#### [Dataset content]
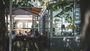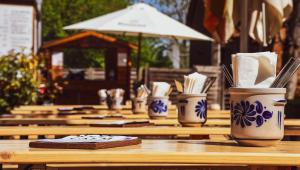Speisen und Getränke erhalten Sie in der Turmbar und im Restaurant der Unterkunft Gerbermühle. In den Sommermonaten können Sie auch im Sommergarten speisen und dabei die schöne Aussicht auf den Main und die berühmte Frankfurter Skyline genießen.
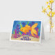 En guldfisk från finare i ett akvarium med ljusa färgader och sand. Färg omfattar orange, blått, lila, tan och rosa. Det här födelsedagskortet är perfekt för alla som kärlek fiskarnas hobby. Inuti: Tom
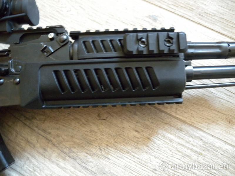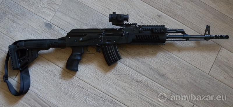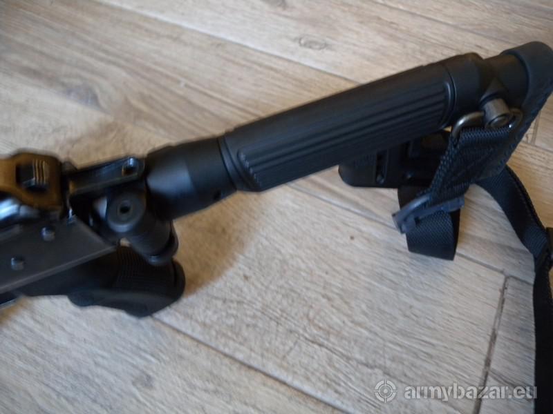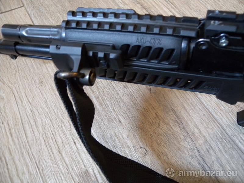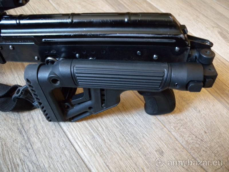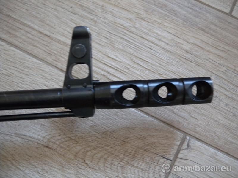 Opis: karabinek samopowtarzalny AKM zmodernizowany. Forma modernizacji opierała się na wymianie elementów drewnianych na firmowe elementy z tworzywa sztucznego, oraz dodaniu elementów celowniczych i tłumika płomienia. Wymienione elementy na foto. Elementy drewniane zdemontowane podczas modernizacji, ładownica wojskowa, sześć metalowych magazynków na 30 naboi oraz oryginalny bagnet będą dołączone w komplecie przy sprzedaży jako Gratis Karabinek dostępny na zezwolenie sportowe lub kolekcjonerskie

#### [How to complete this task]
Reproduce all of the data exactly, omitting each picture it holds.

#### [Expected answer]
Speisen und Getränke erhalten Sie in der Turmbar und im Restaurant der Unterkunft Gerbermühle. In den Sommermonaten können Sie auch im Sommergarten speisen und dabei die schöne Aussicht auf den Main und die berühmte Frankfurter Skyline genießen.
 En guldfisk från finare i ett akvarium med ljusa färgader och sand. Färg omfattar orange, blått, lila, tan och rosa. Det här födelsedagskortet är perfekt för alla som kärlek fiskarnas hobby. Inuti: Tom
 Opis: karabinek samopowtarzalny AKM zmodernizowany. Forma modernizacji opierała się na wymianie elementów drewnianych na firmowe elementy z tworzywa sztucznego, oraz dodaniu elementów celowniczych i tłumika płomienia. Wymienione elementy na foto. Elementy drewniane zdemontowane podczas modernizacji, ładownica wojskowa, sześć metalowych magazynków na 30 naboi oraz oryginalny bagnet będą dołączone w komplecie przy sprzedaży jako Gratis Karabinek dostępny na zezwolenie sportowe lub kolekcjonerskie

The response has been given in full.